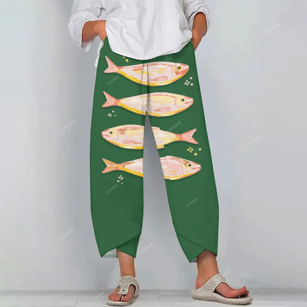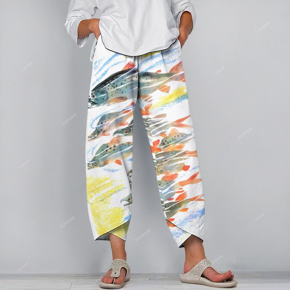 Women's Casual Cartoon Colorful Fish Printed Pants
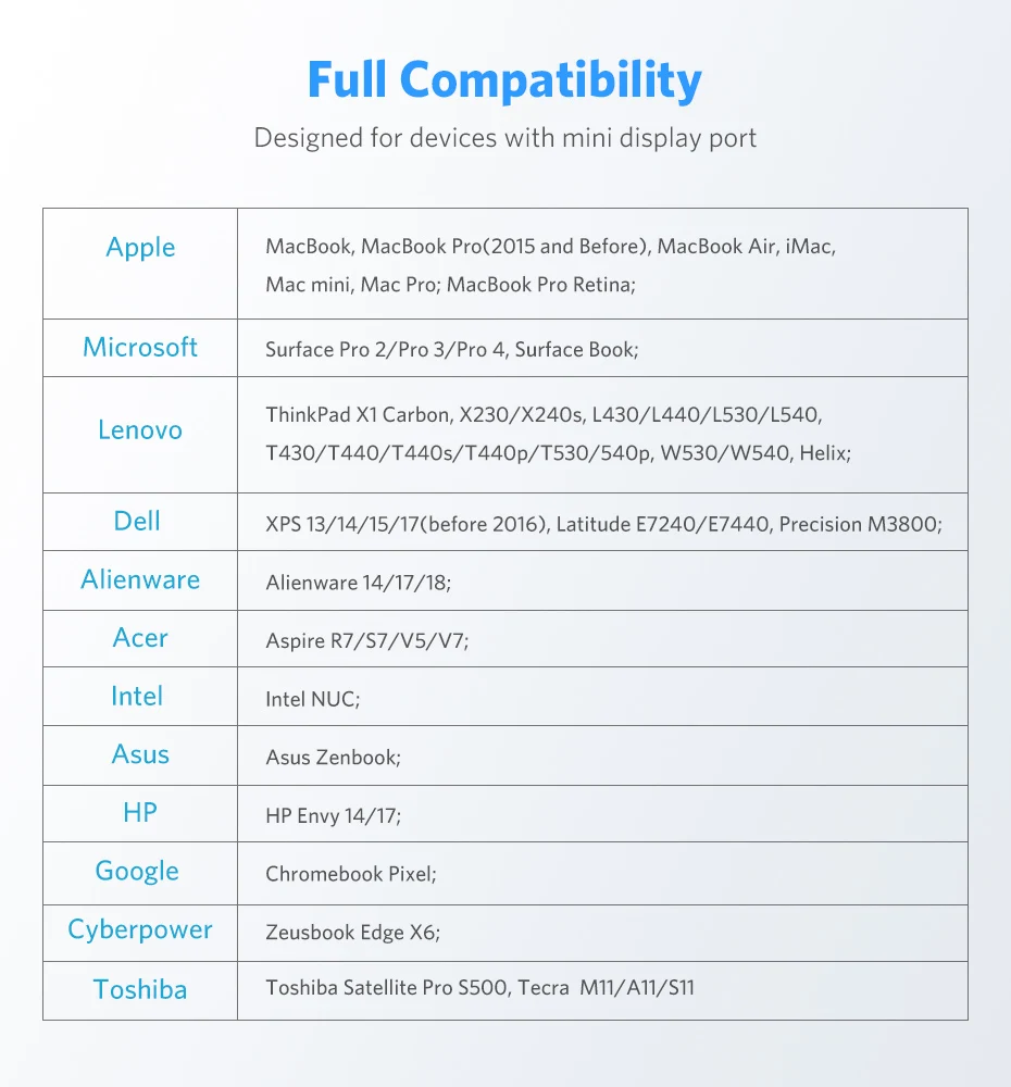 Совместим с ThinkPad X1, DELL XPS14z, XPS15, Macbook AIR, Macbook Mac mini, iMac MB413/MB418/MB420/MB466/MB467/MB470/MB471 и так далее. Устройства NApple, выпущенные до апреля 2010 года, не поддерживают аудиовыход и не передают звук с Mini DisplayPort. Mini DisplayPort, поддерживающий аудио и видео, доступен только для устройств Apple, которые выпущены после апреля 2010 года. Перед покупкой данного продукта убедитесь, что устройство совместимо.
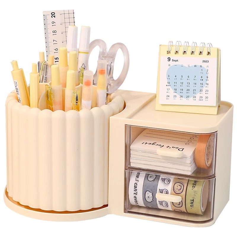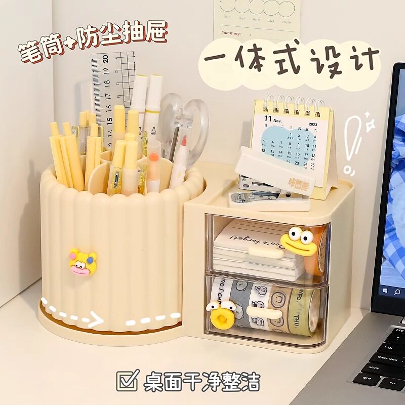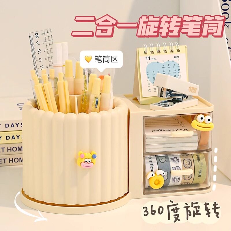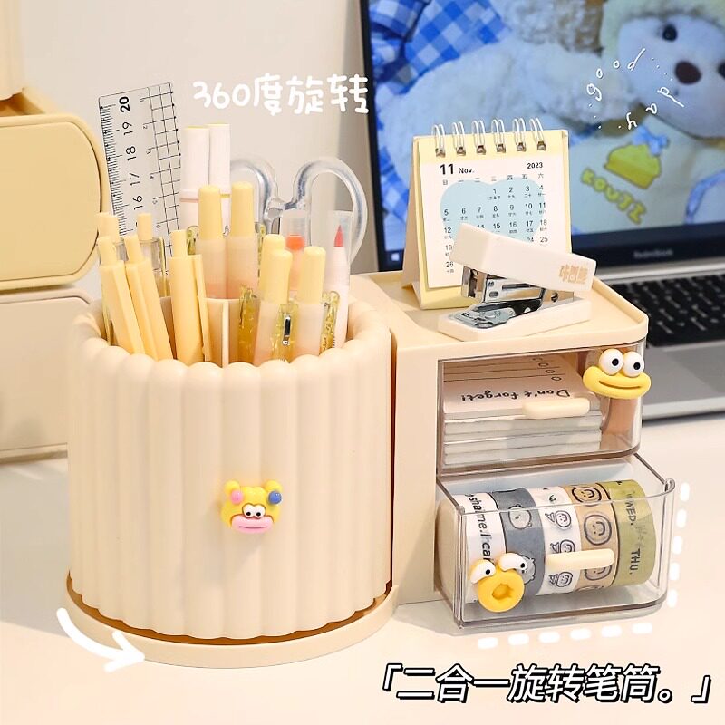 旋转笔筒桌面收纳盒大容量抽屉式学生书房书桌创意可爱多功能笔桶
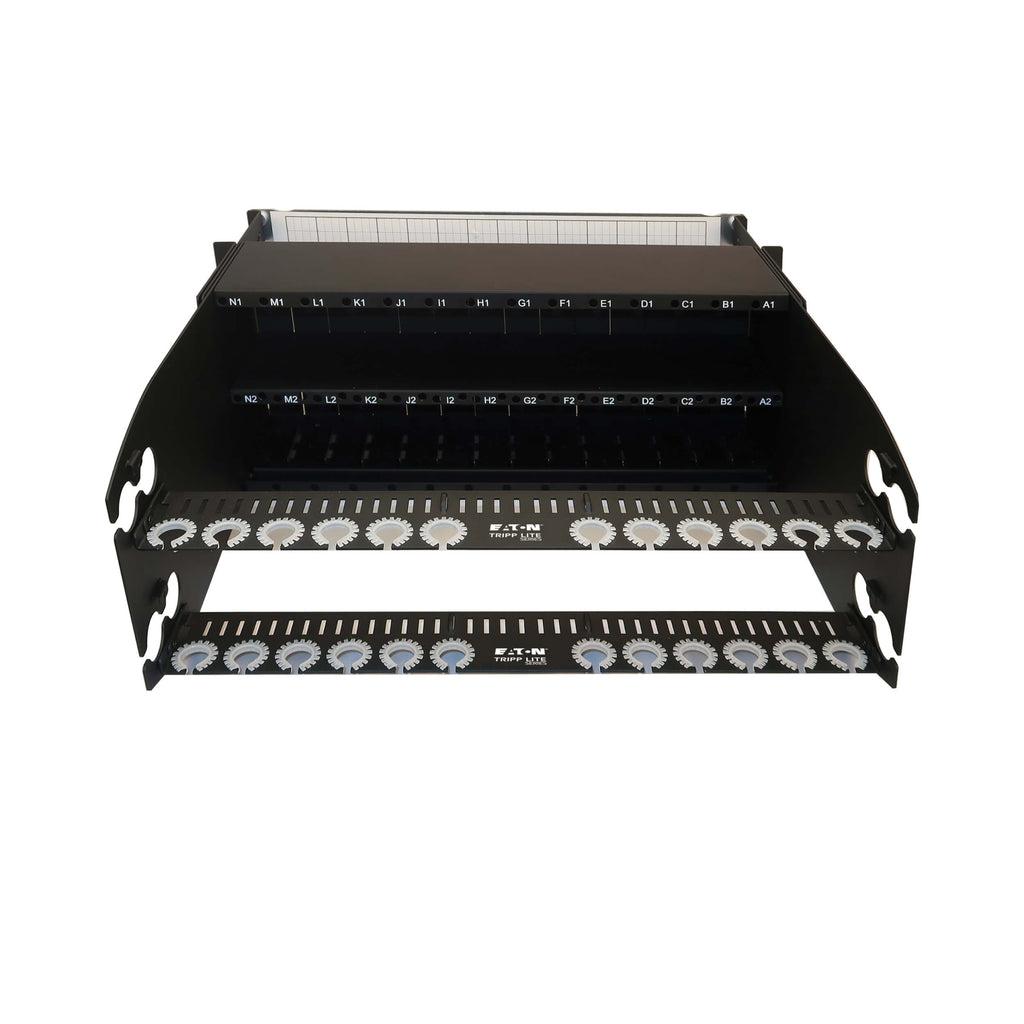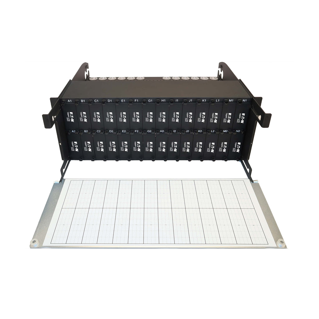 The Eaton Tripp Lite N482-04U is a 4U rack-mount high-density fiber cassette enclosure designed for scalable, high-performance data center and telecom environments. It accommodates up to 28 N482-Series fiber cassettes, enabling support for as many as 336 duplex LC ports (672 fiber connections) within a compact 4U footprint.
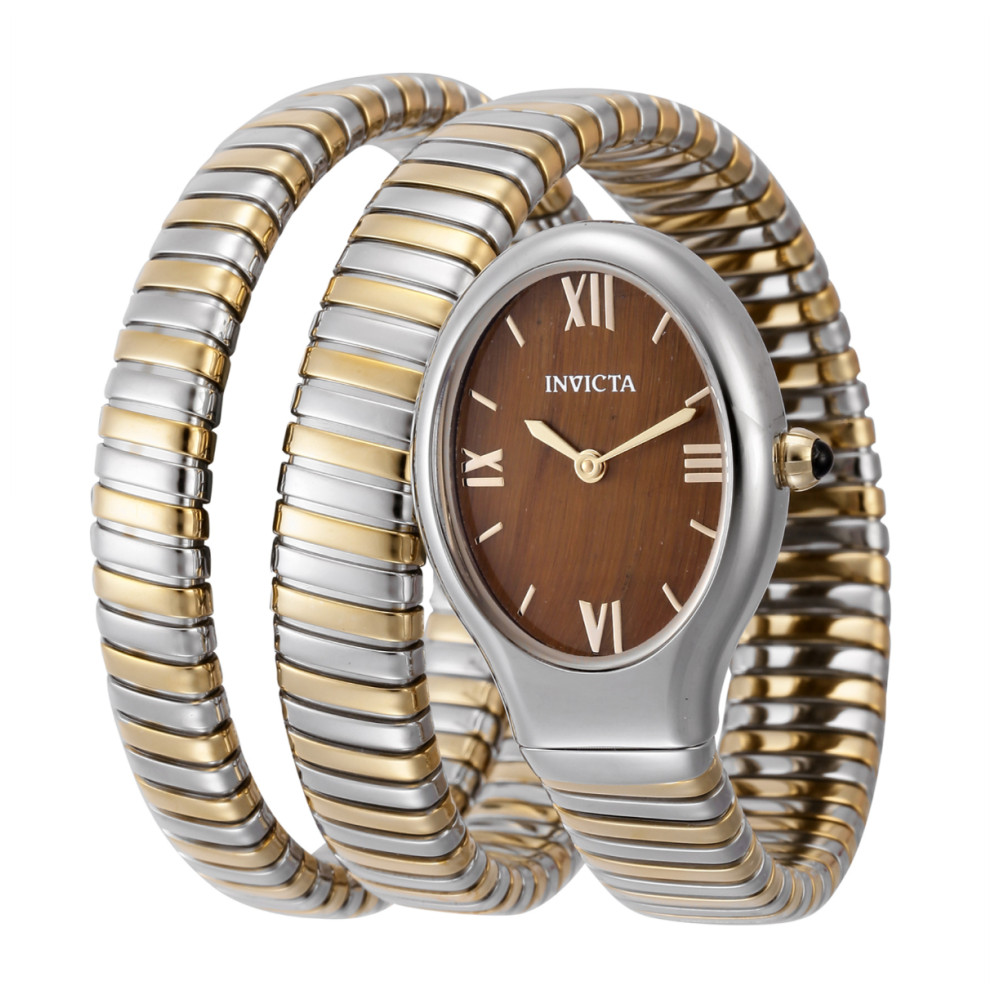 Este lindo relgio Invicta Mayamar contm um movimento preciso alm de uma caixa de ao. Seu mostrador exibe um mostrador marrom em forma de olho de tigre protegido por um cristal mine

# [What the task requires]
Copy exactly the lines that run from the one containing "The Eaton Tripp" to the last line of the records, both included, and leave out every picture.

# [Written reply]
 The Eaton Tripp Lite N482-04U is a 4U rack-mount high-density fiber cassette enclosure designed for scalable, high-performance data center and telecom environments. It accommodates up to 28 N482-Series fiber cassettes, enabling support for as many as 336 duplex LC ports (672 fiber connections) within a compact 4U footprint.
 Este lindo relgio Invicta Mayamar contm um movimento preciso alm de uma caixa de ao. Seu mostrador exibe um mostrador marrom em forma de olho de tigre protegido por um cristal mine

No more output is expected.